The bench was dealing with a PIL filed by advocate-petitioner Ashwini Upadhyay seeking direction to the Union and state governments to ensure that Hindus, Buddhists, Sikhs and Jains have rights similar to those of Muslims in managing their places of worship. It said such a right was already guaranteed to all religious denominations under Article 25 of the Constitution.
Refusing to entertain the PIL, which solicitor general Tushar Mehta called “vaguely drafted”, it said, “Every religious denomination has the right to manage their places of worship under Article 25 of the Constitution.” Upadhyay said in Delhi, Kalka temple was managed by the government but not Jama Masjid.
The SG said Upadhyay may have a cause but the petition was not maintainable, adding that he could approach the government. But the bench said, “Such petitions cause a problem. Sometimes the manner in which such issues are to be pursued is important. A PIL is not filed for the sole purpose of highlighting in the media.”

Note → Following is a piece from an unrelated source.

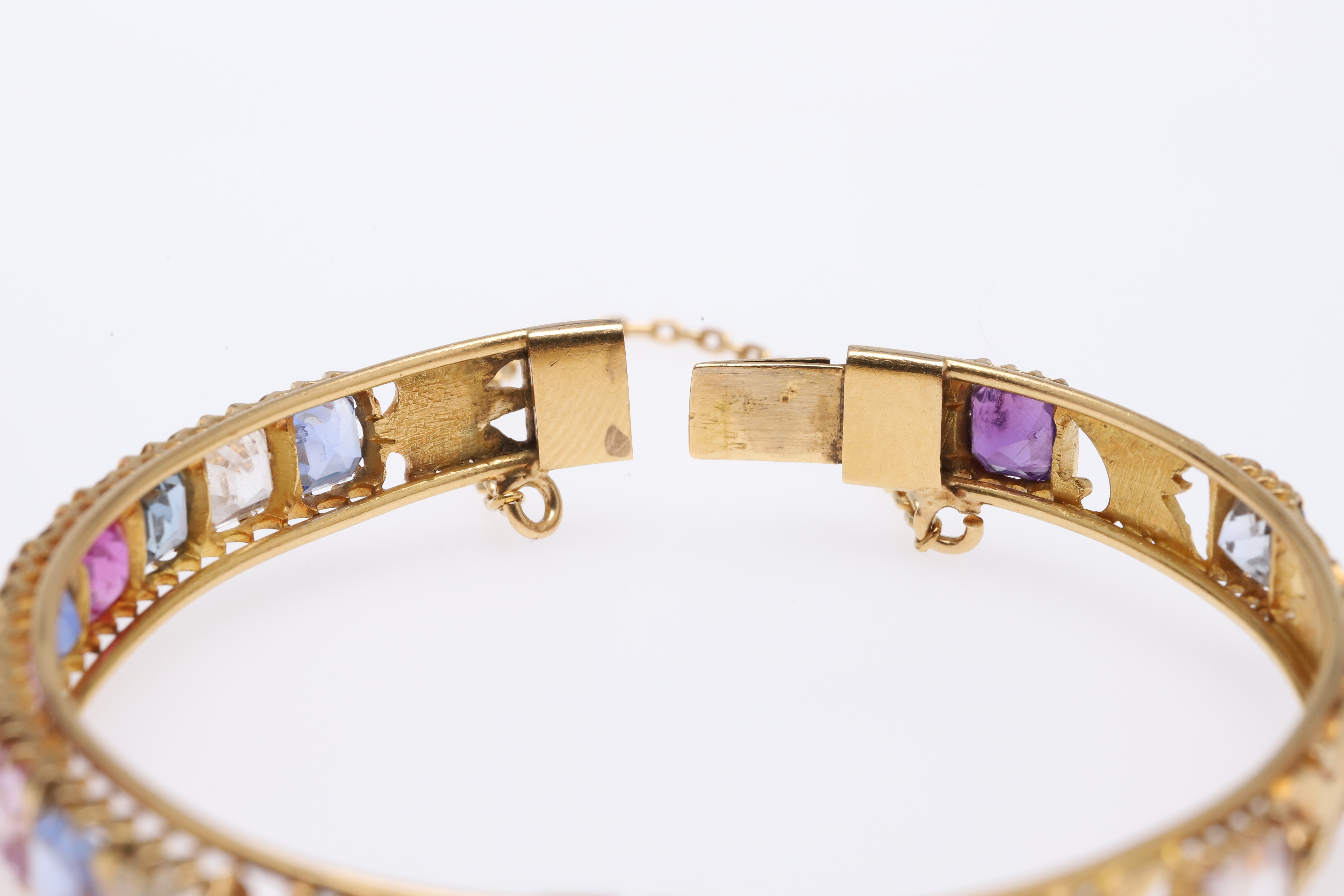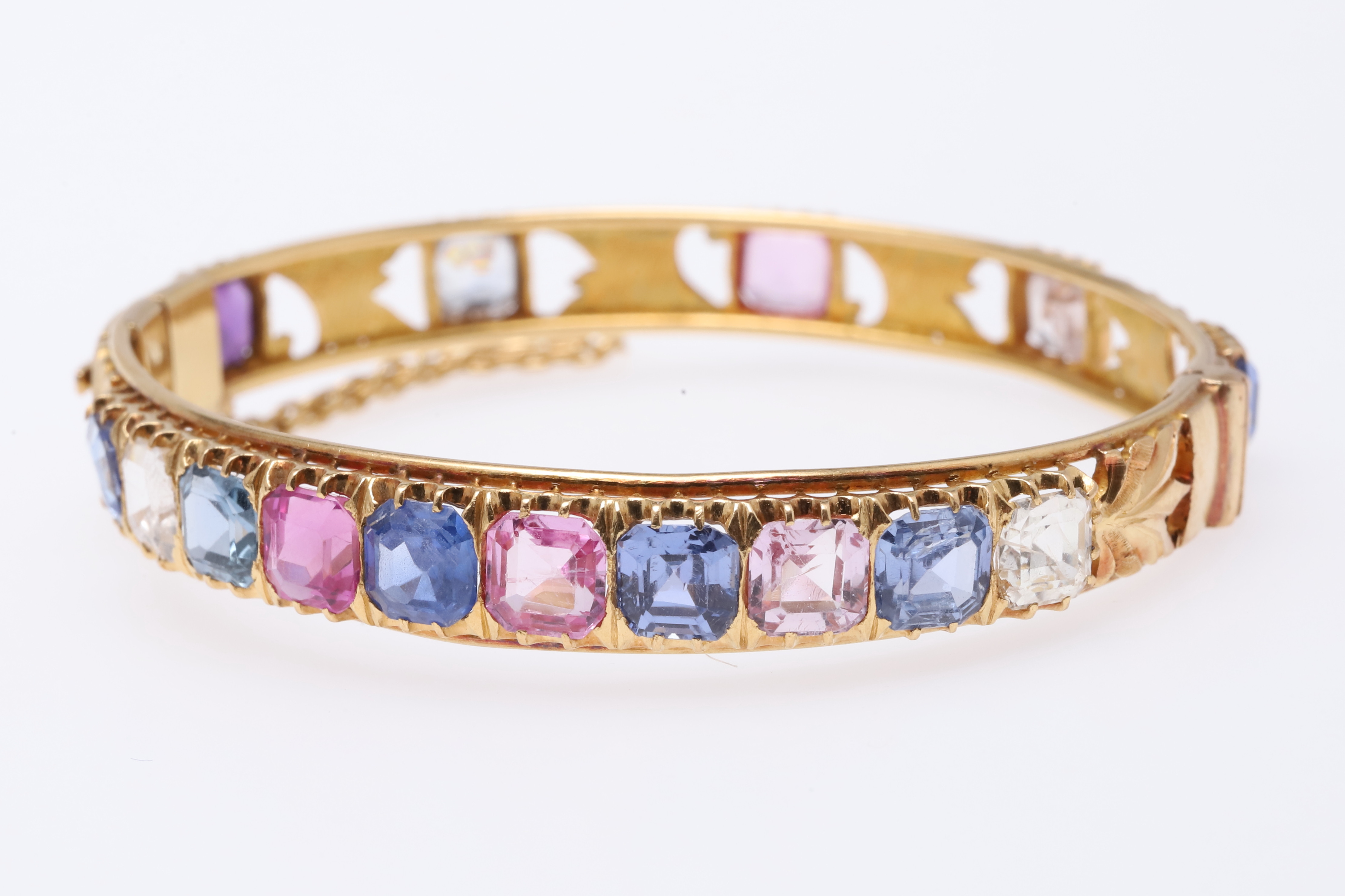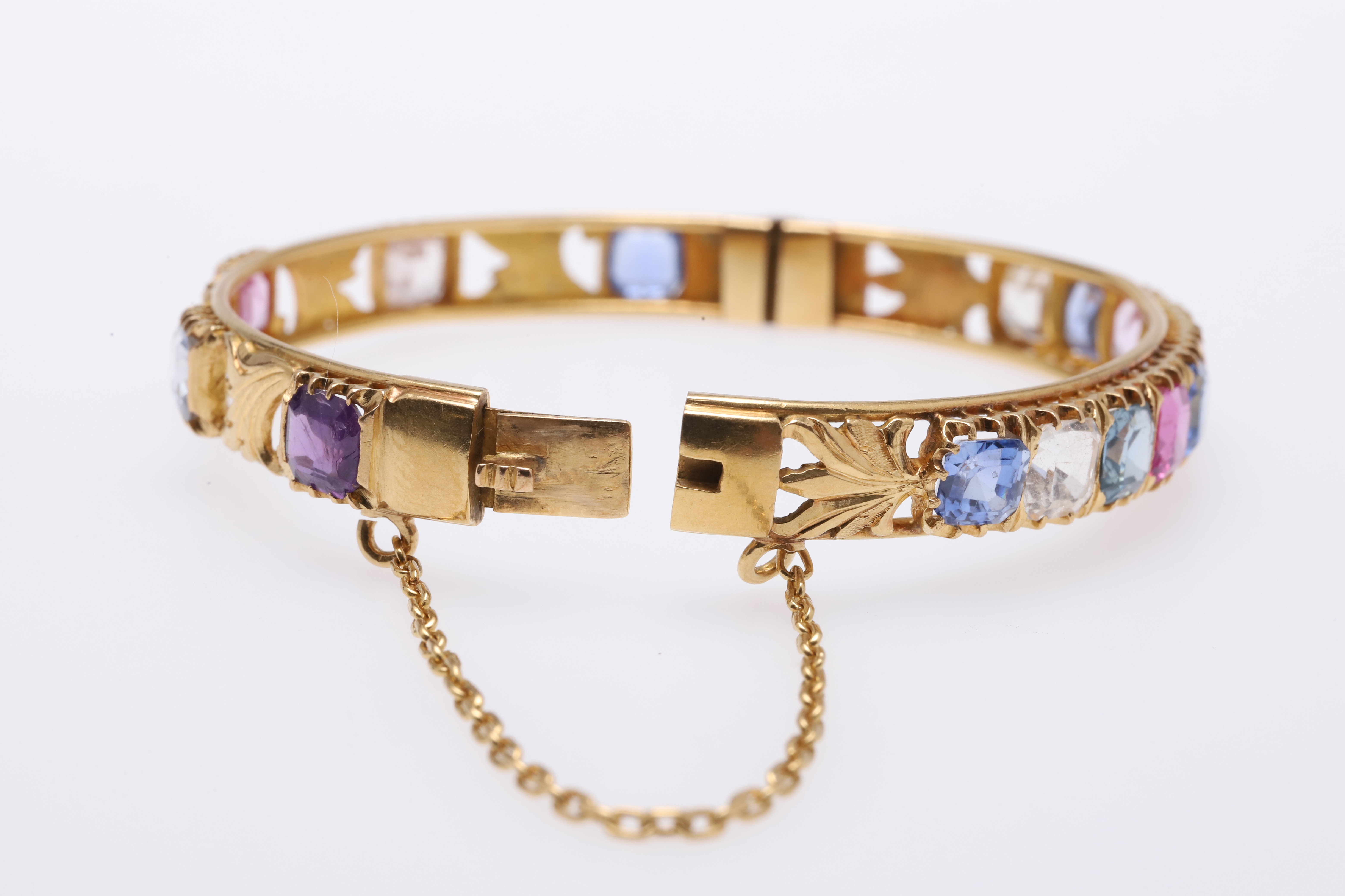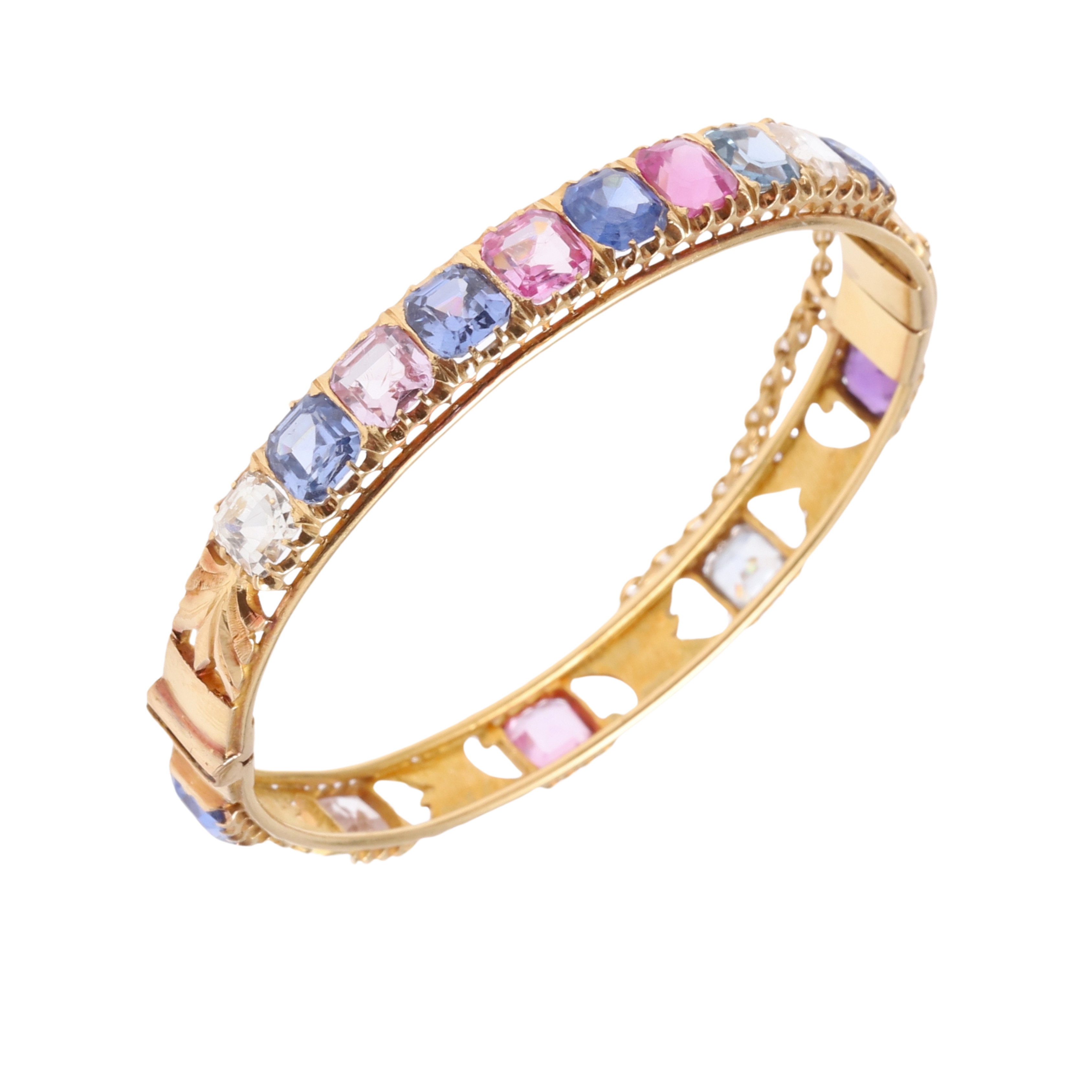 769. 3629744. ARMRING MED GÅNGJÄRN I GULD OCH SAFIR.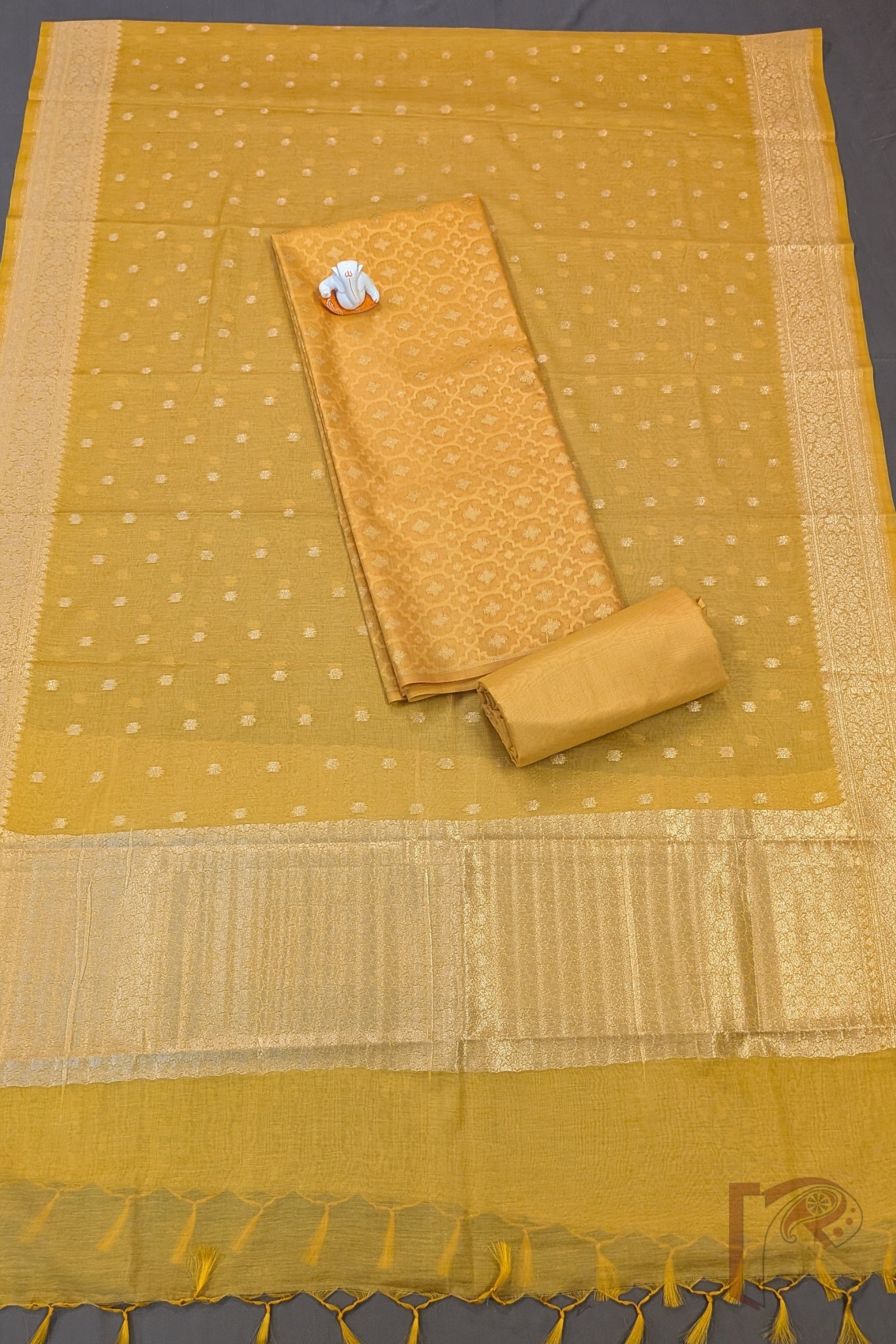 Suit Stories – Yellow Banarasi Cotton Silk Suit with Jal Motifs & Gold Stem-Flower Dupatta

However, the bench agreed to hear three other petitions argued by senior advocate C S Vaidyanathan, advocate Sai Deepak and politician Subramanian Swamy challenging the government takeover of religious institutions in Tamil Nadu, Andhra Pradesh and Puducherry.
The SC said these petitions had raised specific challenges to the legislations enacted by the states and the court would deal with them. Upadhyay withdrew his petition and said he would intervene in one of the pending matters.